> **Task requirements**: Every entry below must be transcribed word for word, and the images must be left out.

[Records for the exercise — start]

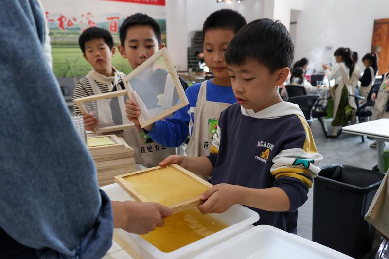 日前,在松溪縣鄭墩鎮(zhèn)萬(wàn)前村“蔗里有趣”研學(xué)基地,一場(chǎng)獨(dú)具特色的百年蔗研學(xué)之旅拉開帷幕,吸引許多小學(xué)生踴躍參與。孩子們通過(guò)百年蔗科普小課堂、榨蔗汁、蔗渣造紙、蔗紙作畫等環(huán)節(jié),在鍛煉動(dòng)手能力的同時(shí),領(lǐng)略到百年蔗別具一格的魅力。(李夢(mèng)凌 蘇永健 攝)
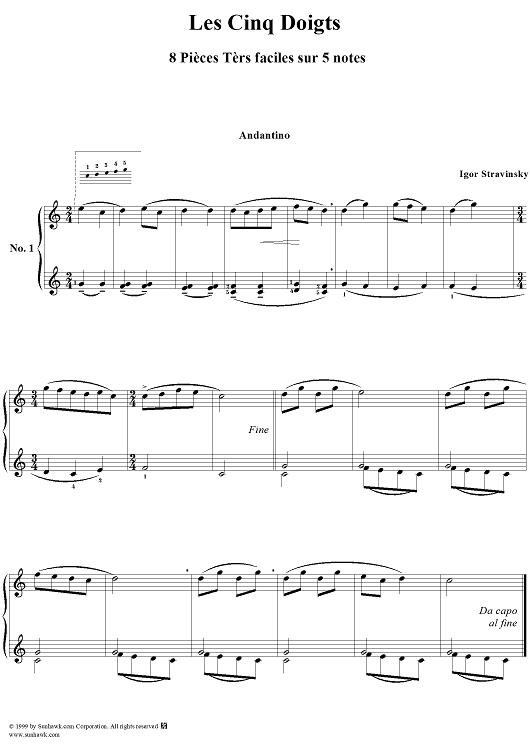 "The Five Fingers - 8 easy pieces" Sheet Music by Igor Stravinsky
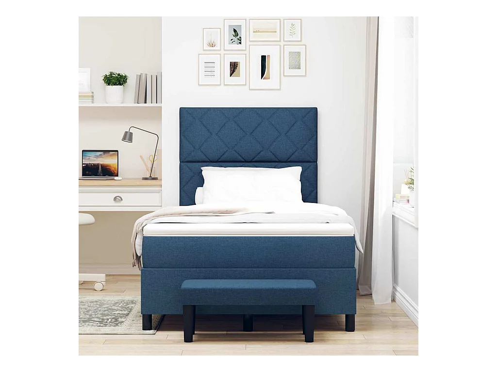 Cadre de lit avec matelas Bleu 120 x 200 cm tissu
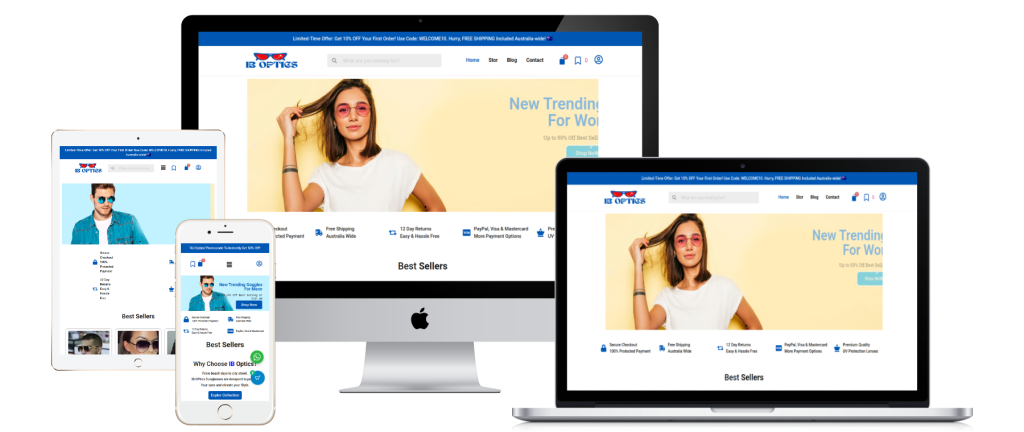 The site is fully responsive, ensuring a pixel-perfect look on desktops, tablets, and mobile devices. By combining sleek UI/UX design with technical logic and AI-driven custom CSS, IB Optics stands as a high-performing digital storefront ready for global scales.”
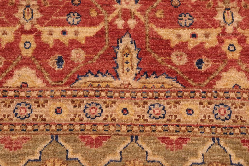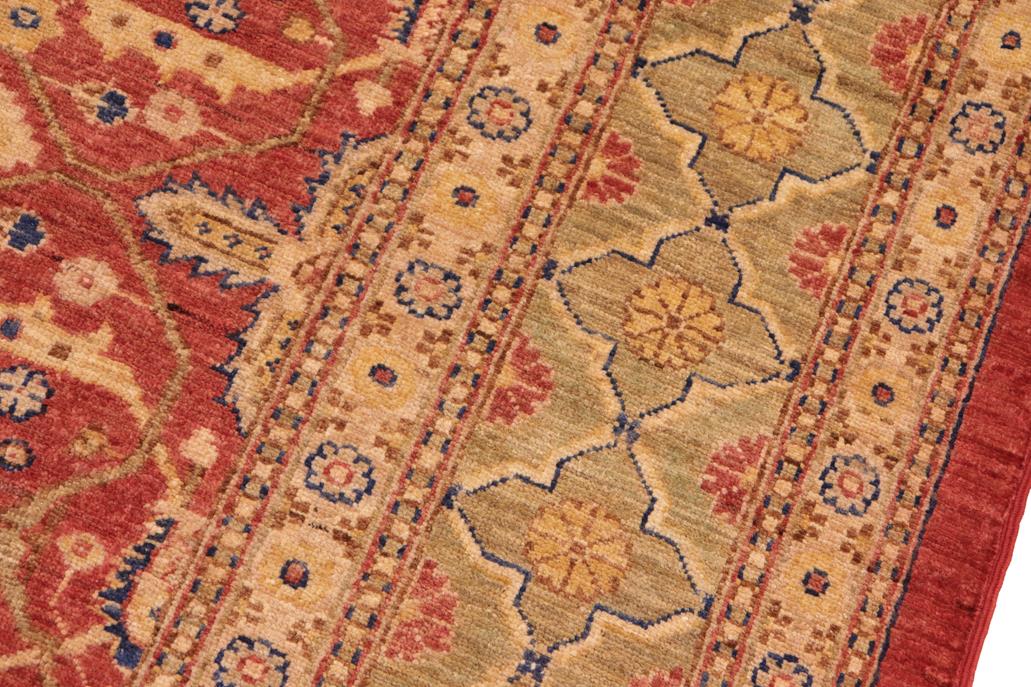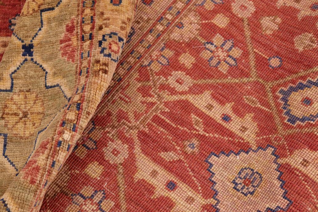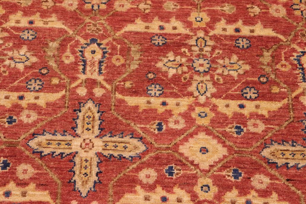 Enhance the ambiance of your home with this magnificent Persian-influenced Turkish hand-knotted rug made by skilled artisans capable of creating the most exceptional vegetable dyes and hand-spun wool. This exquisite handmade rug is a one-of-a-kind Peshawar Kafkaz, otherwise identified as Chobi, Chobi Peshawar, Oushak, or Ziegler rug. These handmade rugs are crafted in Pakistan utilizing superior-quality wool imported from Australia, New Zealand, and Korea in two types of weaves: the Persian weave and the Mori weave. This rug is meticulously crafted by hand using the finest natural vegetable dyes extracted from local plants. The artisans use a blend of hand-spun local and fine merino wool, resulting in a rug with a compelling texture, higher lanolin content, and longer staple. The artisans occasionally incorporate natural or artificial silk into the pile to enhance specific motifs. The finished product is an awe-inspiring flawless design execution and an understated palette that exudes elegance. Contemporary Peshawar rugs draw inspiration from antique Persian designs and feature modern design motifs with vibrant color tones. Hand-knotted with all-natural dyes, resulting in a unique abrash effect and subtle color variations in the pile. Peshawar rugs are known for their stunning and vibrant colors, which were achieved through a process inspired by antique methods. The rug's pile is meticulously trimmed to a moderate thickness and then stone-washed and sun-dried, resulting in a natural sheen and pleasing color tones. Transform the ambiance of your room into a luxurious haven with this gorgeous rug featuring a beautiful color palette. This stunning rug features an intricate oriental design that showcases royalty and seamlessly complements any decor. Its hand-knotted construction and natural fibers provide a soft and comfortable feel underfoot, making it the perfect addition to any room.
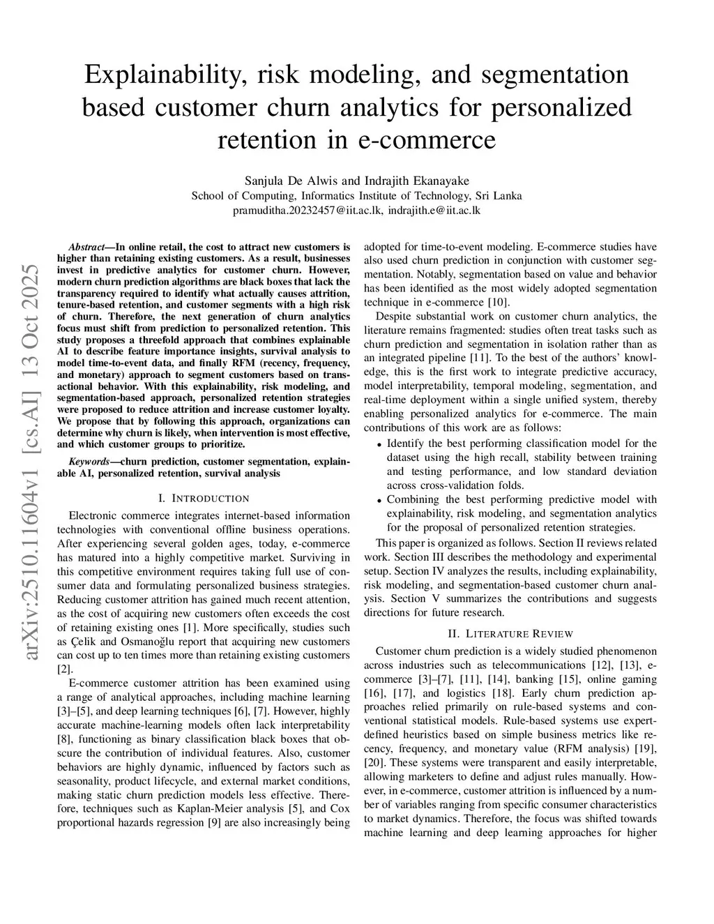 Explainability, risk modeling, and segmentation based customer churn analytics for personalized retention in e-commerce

[Records for the exercise — finish]

> **Response below**:
 日前,在松溪縣鄭墩鎮(zhèn)萬(wàn)前村“蔗里有趣”研學(xué)基地,一場(chǎng)獨(dú)具特色的百年蔗研學(xué)之旅拉開帷幕,吸引許多小學(xué)生踴躍參與。孩子們通過(guò)百年蔗科普小課堂、榨蔗汁、蔗渣造紙、蔗紙作畫等環(huán)節(jié),在鍛煉動(dòng)手能力的同時(shí),領(lǐng)略到百年蔗別具一格的魅力。(李夢(mèng)凌 蘇永健 攝)
 "The Five Fingers - 8 easy pieces" Sheet Music by Igor Stravinsky
 Cadre de lit avec matelas Bleu 120 x 200 cm tissu
 The site is fully responsive, ensuring a pixel-perfect look on desktops, tablets, and mobile devices. By combining sleek UI/UX design with technical logic and AI-driven custom CSS, IB Optics stands as a high-performing digital storefront ready for global scales.”
 Enhance the ambiance of your home with this magnificent Persian-influenced Turkish hand-knotted rug made by skilled artisans capable of creating the most exceptional vegetable dyes and hand-spun wool. This exquisite handmade rug is a one-of-a-kind Peshawar Kafkaz, otherwise identified as Chobi, Chobi Peshawar, Oushak, or Ziegler rug. These handmade rugs are crafted in Pakistan utilizing superior-quality wool imported from Australia, New Zealand, and Korea in two types of weaves: the Persian weave and the Mori weave. This rug is meticulously crafted by hand using the finest natural vegetable dyes extracted from local plants. The artisans use a blend of hand-spun local and fine merino wool, resulting in a rug with a compelling texture, higher lanolin content, and longer staple. The artisans occasionally incorporate natural or artificial silk into the pile to enhance specific motifs. The finished product is an awe-inspiring flawless design execution and an understated palette that exudes elegance. Contemporary Peshawar rugs draw inspiration from antique Persian designs and feature modern design motifs with vibrant color tones. Hand-knotted with all-natural dyes, resulting in a unique abrash effect and subtle color variations in the pile. Peshawar rugs are known for their stunning and vibrant colors, which were achieved through a process inspired by antique methods. The rug's pile is meticulously trimmed to a moderate thickness and then stone-washed and sun-dried, resulting in a natural sheen and pleasing color tones. Transform the ambiance of your room into a luxurious haven with this gorgeous rug featuring a beautiful color palette. This stunning rug features an intricate oriental design that showcases royalty and seamlessly complements any decor. Its hand-knotted construction and natural fibers provide a soft and comfortable feel underfoot, making it the perfect addition to any room.
 Explainability, risk modeling, and segmentation based customer churn analytics for personalized retention in e-commerce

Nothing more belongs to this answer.